Truth is relative

Earlier today I was perusing refutations to atheistic claims and discovered the Christian Apologetics & Research Ministry’s website. Their article, Why believe in Christianity over all other religions?, professes an epistemological notion that appears to be a common misunderstanding among many religious apologetics: “If truth is relative, then the statement that truth is relative is an absolute truth and would be self defeating statement by proving that truth is not relative.”

I’d argue that knowable truth is relative truth because people have a relative point of view. “Truth is relative,” might better be phrased, “Truth that can be known to humans is truth that is relative to humans.” Or, more generally, “Knowable truth is relative to the observer.” It follows, then, that only a being with an absolute point of view can know absolute truth.

Have you ever seen a raven that isn’t black? Probably not. So then is it safe to conclude absolutely that all ravens are black? No. It’s extremely rare, but some ravens are albino. The point is that no matter how consistent an observation, there can always come a contradiction. Only an absolute being seeing everything at once could avoid unexpected evidence.

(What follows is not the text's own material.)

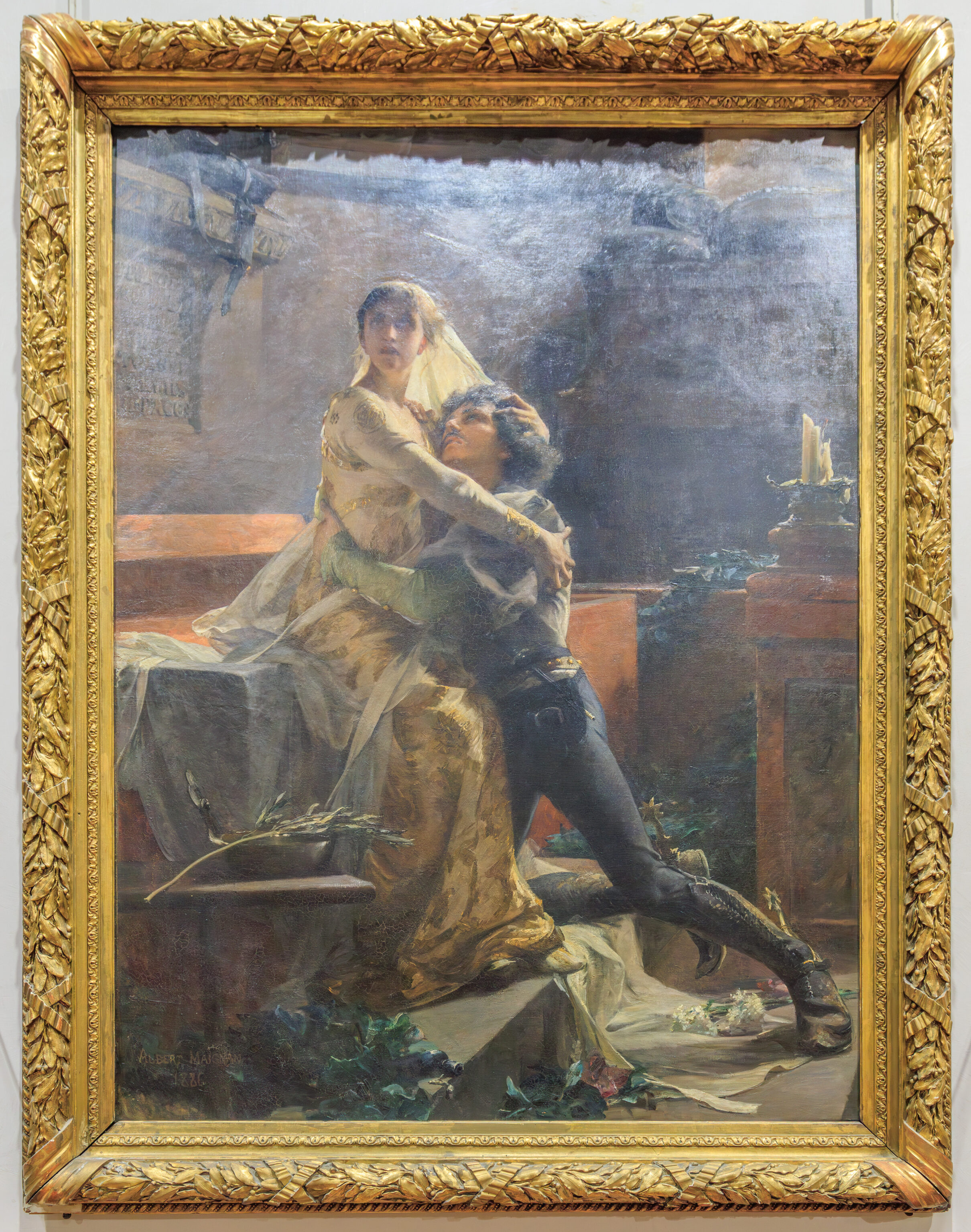 This painting by Albert Maignan takes its subject from the end of William Shakespeare‘s play, Romeo and Juliet. Unaware of the stratagem devised by his beloved Juliet to escape the marriage imposed upon her, and believing her dead, Romeo secretly returns from exile to Verona to mourn over her body. Desperate, he drinks a vial of poison. However, the young woman awakens at that very moment as the effects of the potion she had taken wear off. The work, with its highly theatrical composition, is one of the most appreciated of the artist’s career.
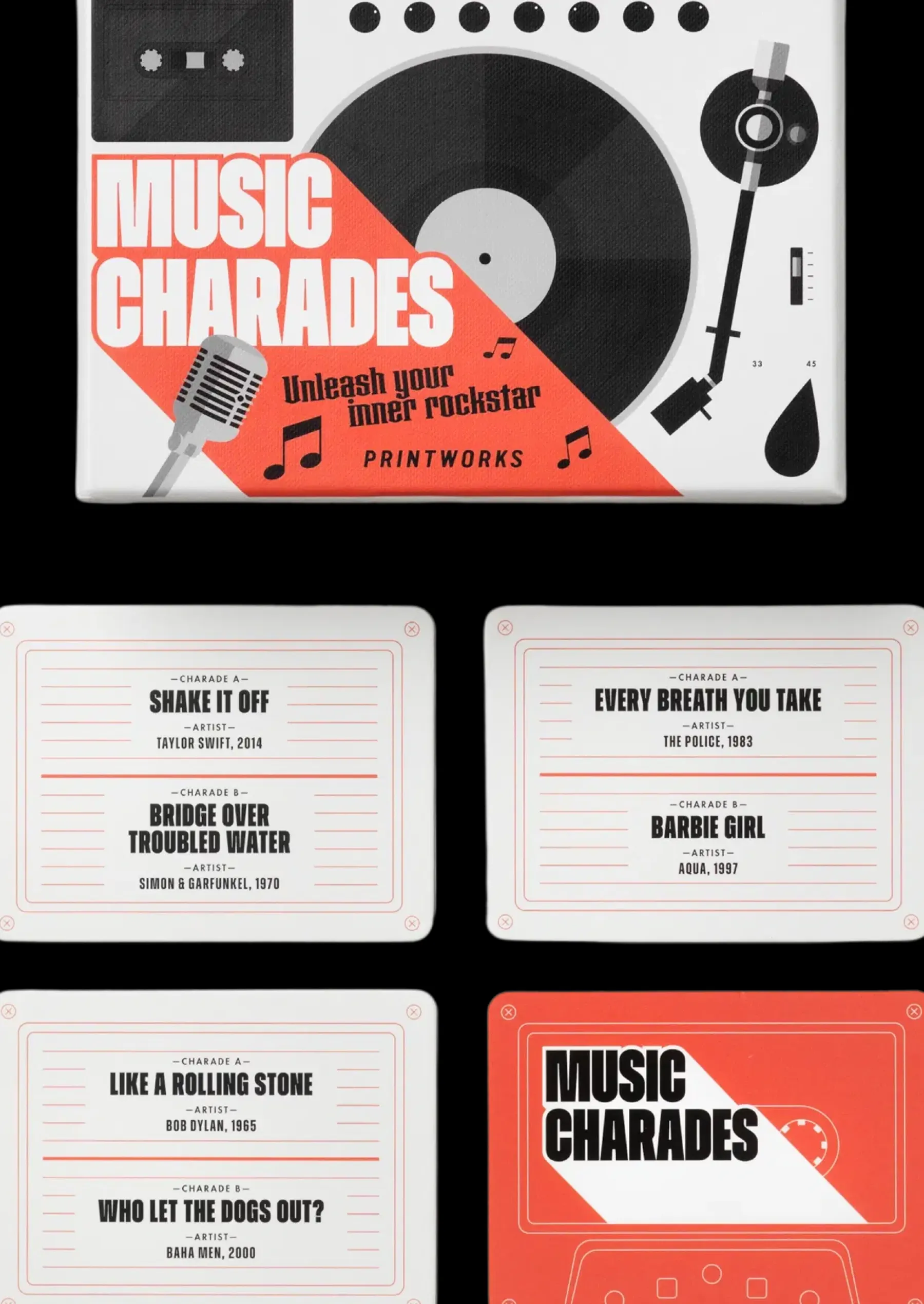 Tässä viihdyttävässä pelissä pelaajat eläytyvät kappaleisiin tai artisteihin elein ja ilmein – ilman sanoja! Kauniisti kuvitettujen, 100 % FSC-sertifioidusta paperista valmistettujen korttien ansiosta peli tarjoaa hauskan ja mukaansatempaavan haasteen kaikille musiikin ystäville.

Another website (which I’ve regrettably forgotten) attempting to rationalize that one can know absolutes offers the following example. “If you see a dog in Alaska, you can know absolutely that there are dogs in Alaska.” This is wrong. You can only absolutely know that there are dogs in Alaska if you first absolutely know that you saw a dog and if you absolutely know it was in Alaska. In other words, it takes absolute knowledge to conclude further absolute knowledge.

And isn’t something that is absolutely true always true? Absoluteness transcends even time. Looking to the past, there was a time when Alaska didn’t exist. Go back further and dogs didn’t exist either. In the other direction, there’s future uncertainty. Perhaps when you saw the dog in Alaska, it was the only dog in Alaska. Later, after you’ve reviewed your observation and finally assert, “There are dogs in Alaska,” the dog has left, and your assertion is wrong. These examples may sound silly, but they demonstrate that human knowledge is temporal, not absolute.

Although human knowledge is relative, that doesn’t mean it’s impractical. Most likely, there are dogs in Alaska. No one can know that with absolute, God-like certainty. But such assuredness is seldom necessary.

Aren’t you saying it’s absolutely true that knowable truth is relative to the observer? That brings you right back to the original contradiction!

No. The statement, “It’s absolutely true that knowable truth is relative to the observer,” is illogical because it has conditions that limit its scope. Not all truth, but knowable truth. Not all observers, but relative observers (which is implied). A conditional statement cannot be absolute. If we allow absolute truth to have constraints, then we have a false dichotomy because there is no longer anything to differentiate absolute truth from relative truth. We must escape the colloquial use of the word “absolute,” which is merely to emphasize a statement’s (relative) validity.


17 thoughts on “Truth is relative

  1. T. Nagel: “The content of a thought may be quite independent of its particular form-independent, for example, of the particular language in which it is expressed. all of our thoughts must have a form that makes them accessible from a human perspective. But that does not mean that they are all about our point of view or the world’s relation to it…”

    sufi saying: the water takes on the shape of the container but remains water.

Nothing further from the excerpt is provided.